As a human, you are not encouraged to eat rocks. Babies are constantly trying, and a condition called pica can compel an adult to eat nonfood objects like rocks and dirt. However, some other animals actually need to swallow rocks in order to digest their food. These little stones even have a name — gastroliths — and their use as digestive tools have a long, illustrious evolutionary history.

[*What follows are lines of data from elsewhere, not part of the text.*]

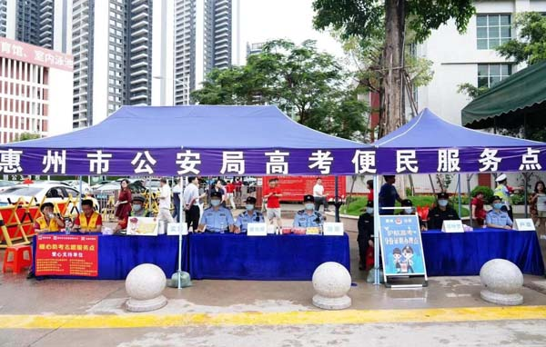 高考首日,惠州公安出动警力2546名、警车891辆次在全市各考点投入安保工作。严格落实“我为群众办实事惠警护航高考”10类30项服务举措,快速联动处置高考期间发生的各类突发事件和涉高考报警求助。按照“一考点一服务站一团队”的要求,各部门警种均提前在岗在位开展工作,交警部门专门安排 64支爱心护考队到各考点护航,累计救助群众15起。同时推送道路交通情况累计 85 条,增设考点(市区)周边临时指路标识累计54块,户政部门在考点设置“身份证明办理点”29个,累计为31名忘带身份证考生立即出具身份证明,110共接报涉考求助警情15起,均快速妥善处理。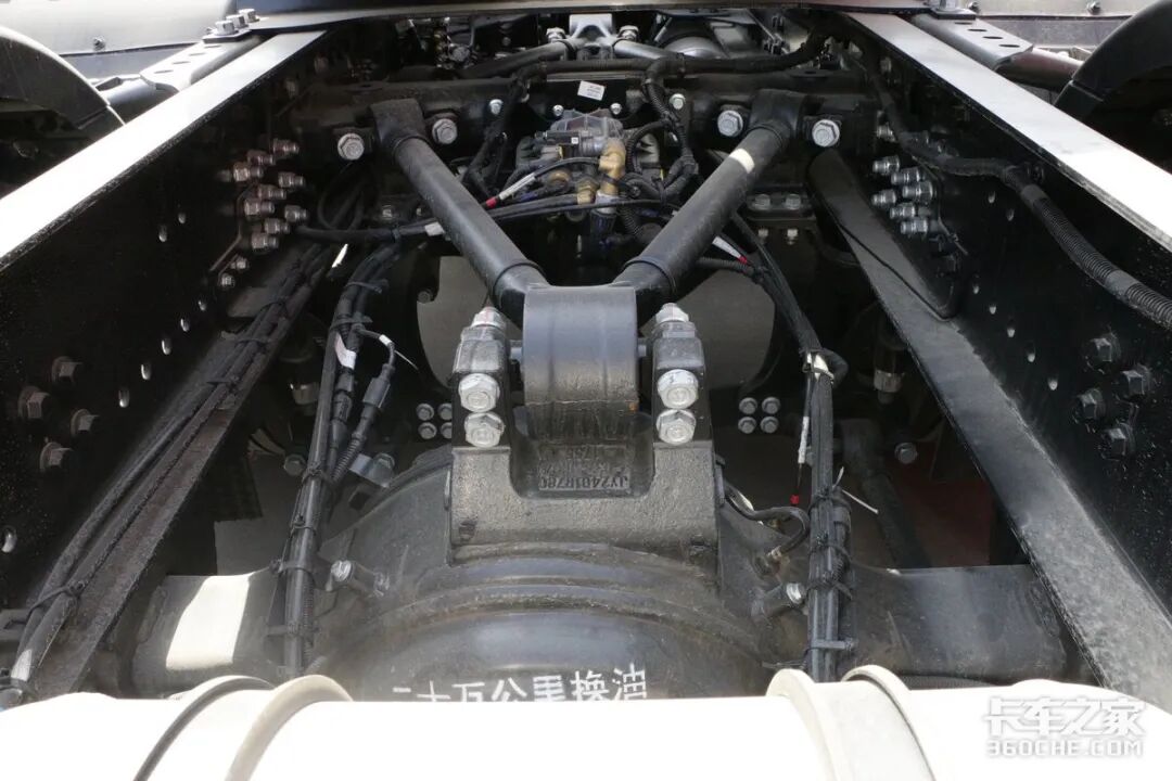 底盘方面,这款超越Q7的前桥采用锻钢件、工字型断面;后桥为单级减速桥,2.846速比。悬架形式为前2后3钢板悬架形式,实拍车型未配置空气悬架,不过可以选配,从事过干线物流的老司机都知道,配置空气悬架的好处有很多,如整车自重轻、能快速完成甩挂操作,提高运输效率。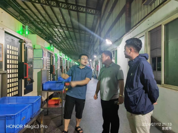 2024年7月12日,新葡萄8883官网AMG官网机电工程学院为进一步加强与企业的紧密联系,深化产教融合,由机电工程学院朱胜初副教授、学生干事何立权及辅导员潘登峰老师一行,专程前往位于广东省东莞市谢岗镇的东莞市亿厚电子科技有限公司,开展了富有成效的“访企拓岗”活动。此次访问不仅促进了学院与企业之间的深入交流,也为学生的实习实训和就业拓宽了渠道。

Gastroliths — the word literally means "stomach stones" — are most often used by birds and reptiles, but they can also be found in earthworms, some fish, amphibians, seals and toothed whales. The fossil record tells us many herbivorous dinosaurs also ate rocks — paleontologists know when they find the telltale collection of small stones still trapped inside a fossilized ribcage. As far as scientists can tell, the groups of animals that currently use them fit into two categories: animals with gizzards and animals that swim.
A gizzard is a specialized, very muscular stomach attached to the "true stomach." Birds, for instance, don't have teeth like we do, so they swallow little stones, which make their way to the gizzard and help in the grinding of plant material — notoriously hard work, as the cellulose that makes up plant cells is tough and difficult to break down with stomach acids alone. After the gizzard has done its job, the food is passed back into the other stomach to be digested further. In the gizzard, gastroliths often eventually become rounded and smooth, and birds will sometimes regurgitate these, replacing them with sharper stones.
Swimming animals use gastroliths for a different reason — or at least scientists think they do. It's still a bit of a mystery; for a long time, scientists thought animals like seals and alligators swallowed stones in order to regulate their buoyancy in the water — for instance, a sea lion might eat rocks in order to make diving easier. However, this theory would only work if they were swallowing many big, heavy rocks, which they aren't, so the jury is still out on that one. In the past 30 years, other ideas have emerged: maybe animals eat them to alleviate hunger or even as an aid in digesting food, only without the gizzard.
But for the record, it's not a good idea for humans to eat rocks — you don't have the right internal equipment for it.